### DATASET EXTRACT:
□ □ □ □
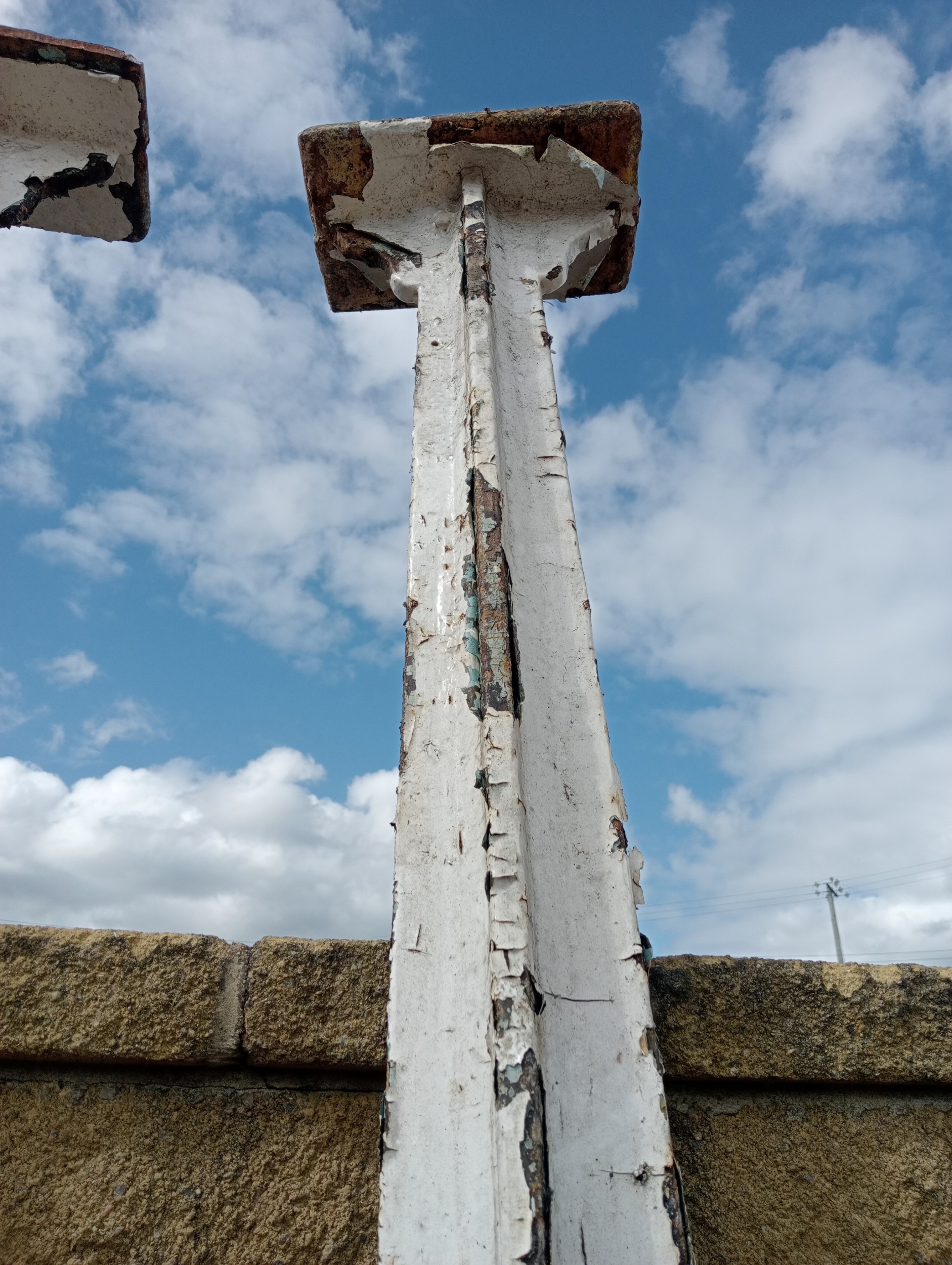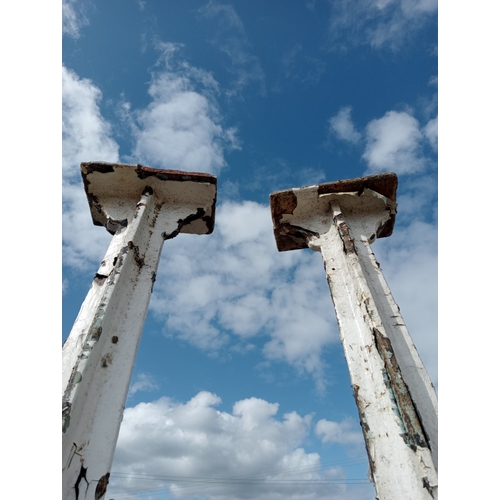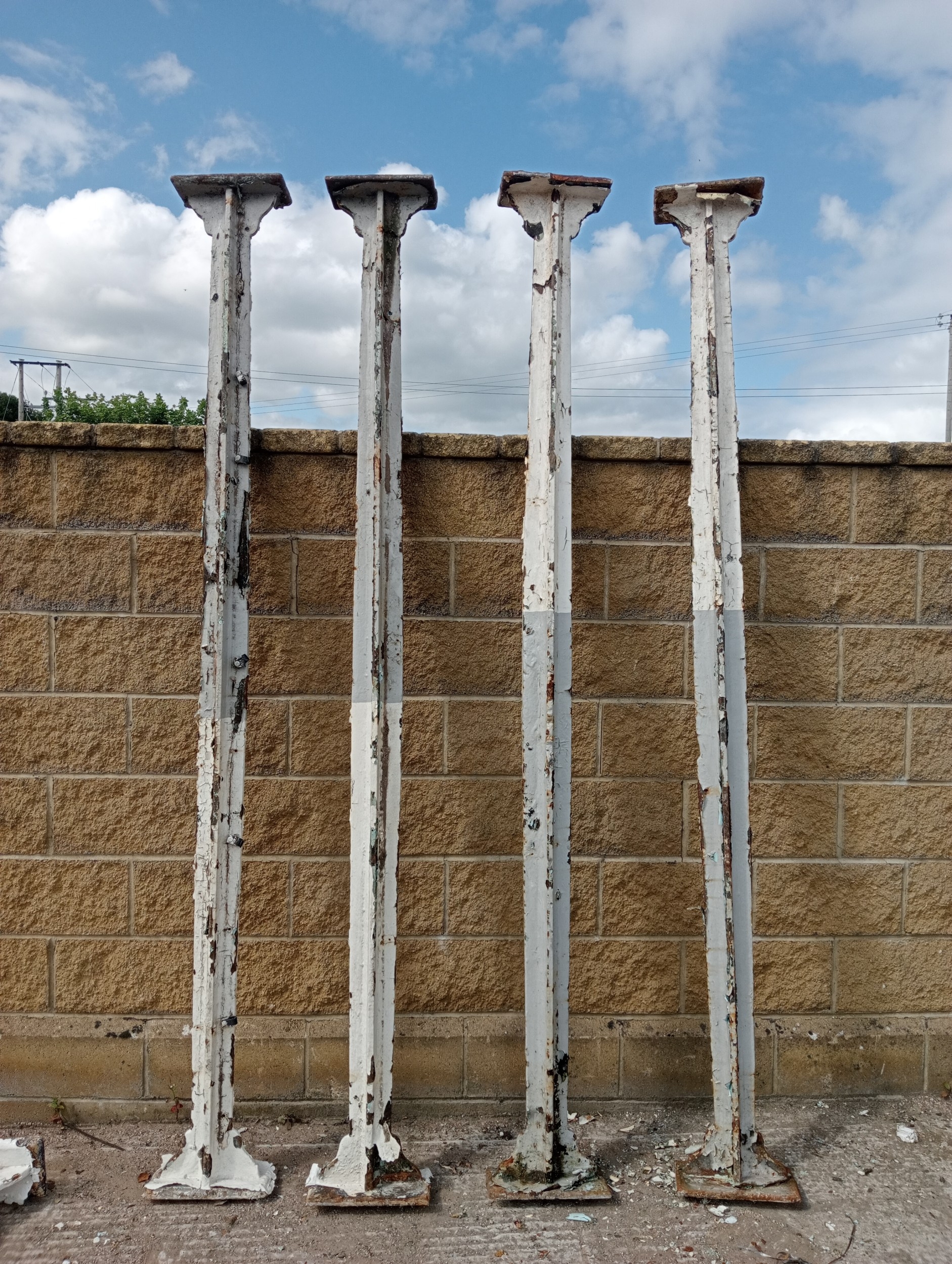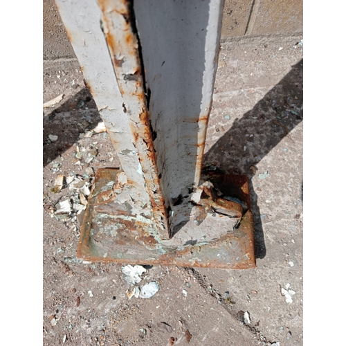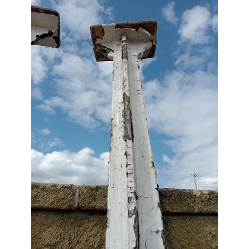 Lot of four cast iron stanchions (H 265cm x Dia 10cm Top/Bottom W 30cm x D 15cm )
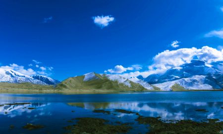 抵达白沙湖游玩(游玩40分钟)体表面附着的白沙经过了数万年风化,在帕米尔高原洁静的阳光下,闪耀着金属般的光泽。湖水在天空、白沙和雪山的综合作用下呈现出一种别样的蓝,深邃的蓝,非常迷人。前往慕士塔格峰的山脚下的高山明珠卡拉库里湖(行车约0.5小时)
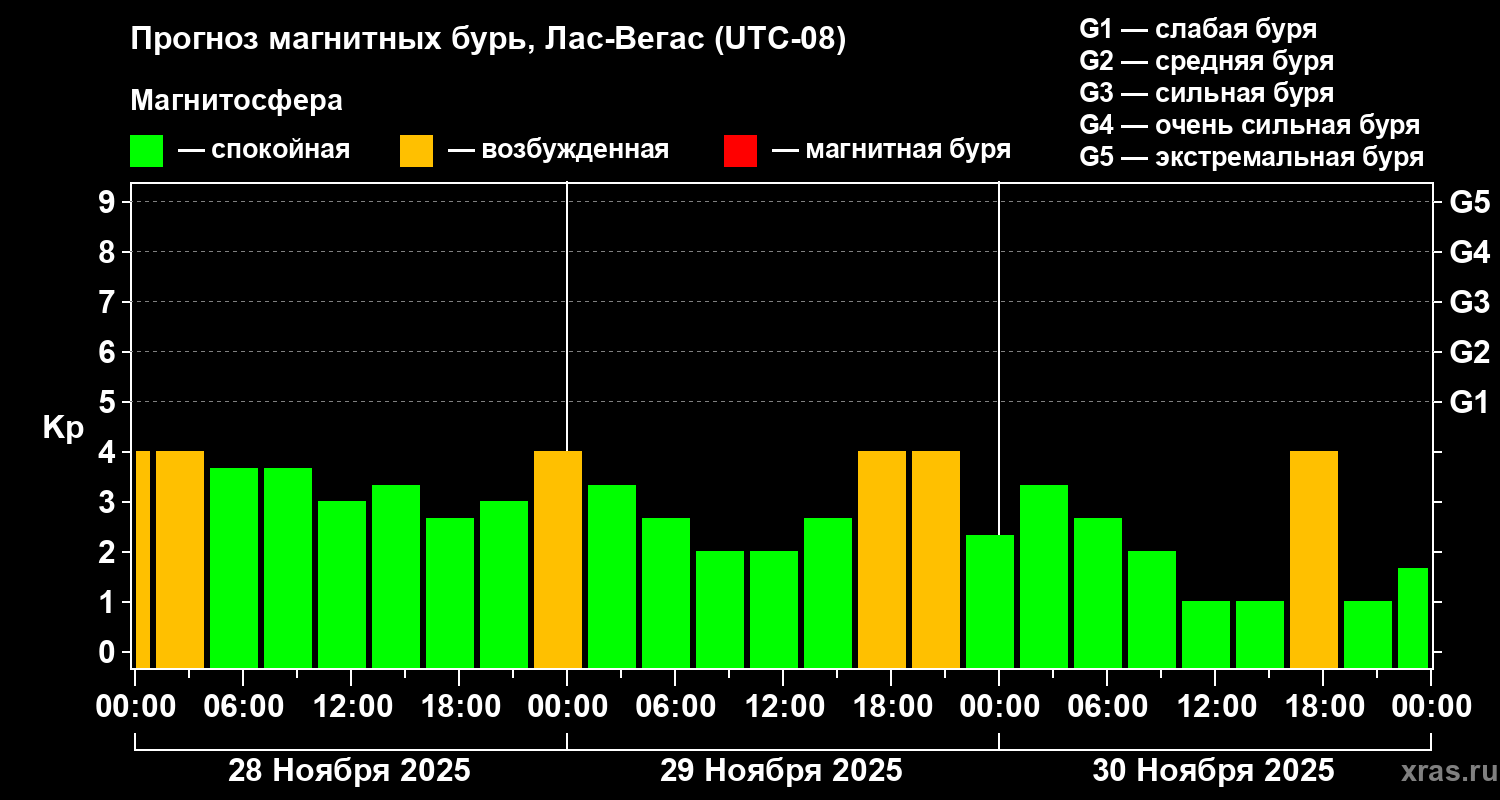 Прогноз магнитных бурь в Лас-Вегасе — 28 ноября 2025 года
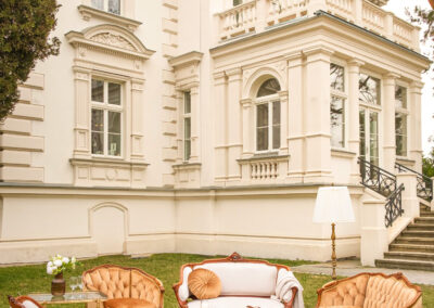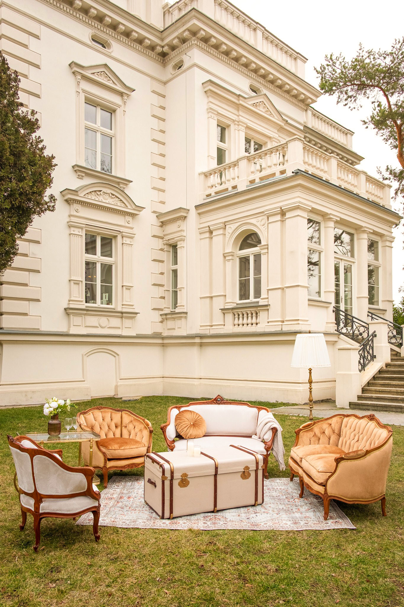 Cały zestaw doskonale wpisuje się w eleganckie, jasne wnętrza oraz uroczystości i romantyczne wesela w stylu glamour.
□ □ □ □
Give back all the data exactly, minus pictures.

 Lot of four cast iron stanchions (H 265cm x Dia 10cm Top/Bottom W 30cm x D 15cm )
 抵达白沙湖游玩(游玩40分钟)体表面附着的白沙经过了数万年风化,在帕米尔高原洁静的阳光下,闪耀着金属般的光泽。湖水在天空、白沙和雪山的综合作用下呈现出一种别样的蓝,深邃的蓝,非常迷人。前往慕士塔格峰的山脚下的高山明珠卡拉库里湖(行车约0.5小时)
 Прогноз магнитных бурь в Лас-Вегасе — 28 ноября 2025 года
 Cały zestaw doskonale wpisuje się w eleganckie, jasne wnętrza oraz uroczystości i romantyczne wesela w stylu glamour.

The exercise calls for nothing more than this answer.